Wie können Sie sich gegen die Abbuchung wehren?

  1. Lastschrift zurückbuchen: 
    Lassen Sie die Abbuchung umgehend von Ihrer Bank zurückbuchen. Das ist in der Regel acht Wochen lang möglich, bei unberechtigten Abbuchungen sogar bis zu 13 Monate.
  2. Vertrag bestreiten, widerrufen und anfechten: 
    Auch wenn kein Vertrag bekannt ist, sollten Sie den Vertragsschluss bestreiten und vorsorglich widerrufen, anfechten und außerordentlich kündigen. Textbausteine finden Sie in diesem Musterbrief. Fordern Sie Megatipp schriftlich auf, den Vertragsabschluss nachzuweisen. Die Adresse lautet:
    Megatipp Ltd., Turbinenstr. 7, 70499 Stuttgart
  3. Datenschutzverletzung melden: 
    Da unklar ist, wie Megatipp an Ihre Bankdaten gelangt ist, sollten Sie den Vorfall dem Landesdatenschutzbeauftragten Baden-Württemberg melden:
    www.baden-wuerttemberg.datenschutz.de

Wie schützen Sie sich künftig vor solchen Abbuchungen?

  • Kontobewegungen regelmäßig prüfen: Achten Sie auch auf kleinere Beträge.
  • Unbekannte Anrufe ignorieren: Legen Sie bei Fragen zu Bankdaten sofort auf.
  • Keine sensiblen Daten am Telefon preisgeben: Geben Sie keine Kontodaten oder persönliche Informationen weiter.

Unerlaubte Werbeanrufe melden:

Wenn Sie von Werbeanrufen betroffen sind, können Sie diese der Verbraucherzentrale oder der Bundesnetzagentur melden. Notieren Sie sich dazu Datum, Uhrzeit, Telefonnummer und den Inhalt des Gesprächs. Die Bundesnetzagentur kann Rufnummern abschalten und Bußgelder verhängen – 2023 wurden so über 1,4 Millionen Euro an Strafen verhängt. Nutzen Sie zur Meldung das Online-Formular der Bundesnetzagentur oder schreiben Sie an rufnummernmissbrauch@bnetza.de 

 


* Quelle: Die Auswertungen der Beschwerdestatistik basieren auf der Vorgangserfassung aller 16 Verbraucherzentralen in den insgesamt rund 200 Beratungsstellen in Deutschland.
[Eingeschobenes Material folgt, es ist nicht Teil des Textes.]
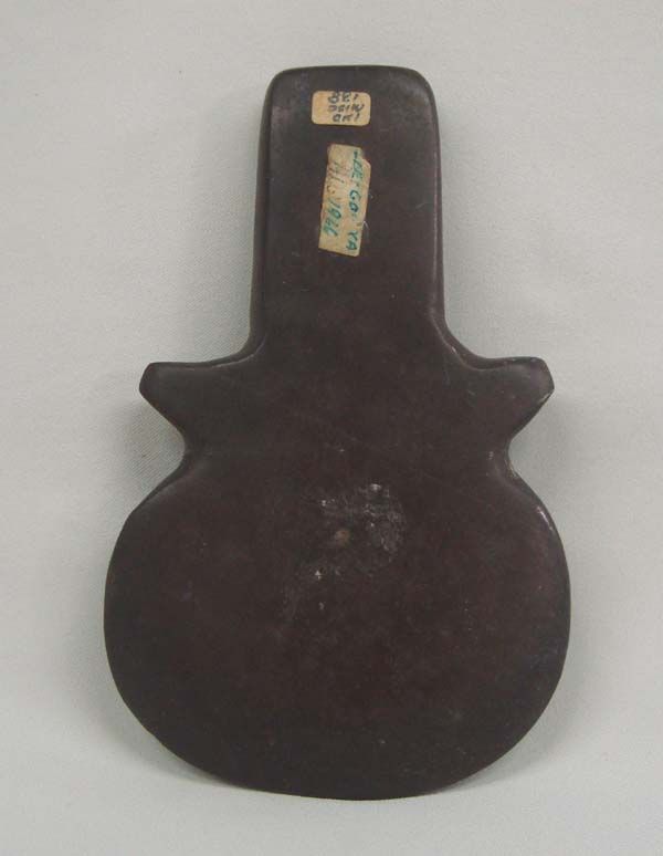 Prehistoric Fiddle Stone Scraper Replica, measures approx. 6.5L x 4''W. Texas Estate I.D.# 138. Large Stone Scraper with Handle used to skin large Elk or Bear Hides. Actual Origin & Age Unknown. There is glue and red felt on one side where the owner had this piece glued on a board for display

Die Vorgangserfassung stellt die statistische Erfassung aller Verbraucheranliegen dar, die im Rahmen der institutionellen Verbraucherarbeit an die Verbraucherzentralen herangetragen werden. Direkte Rückschlüsse auf die Häufigkeit des Vorkommens bestimmter Verbraucherprobleme in der Gesamtbevölkerung sind daraus jedoch nicht ableitbar.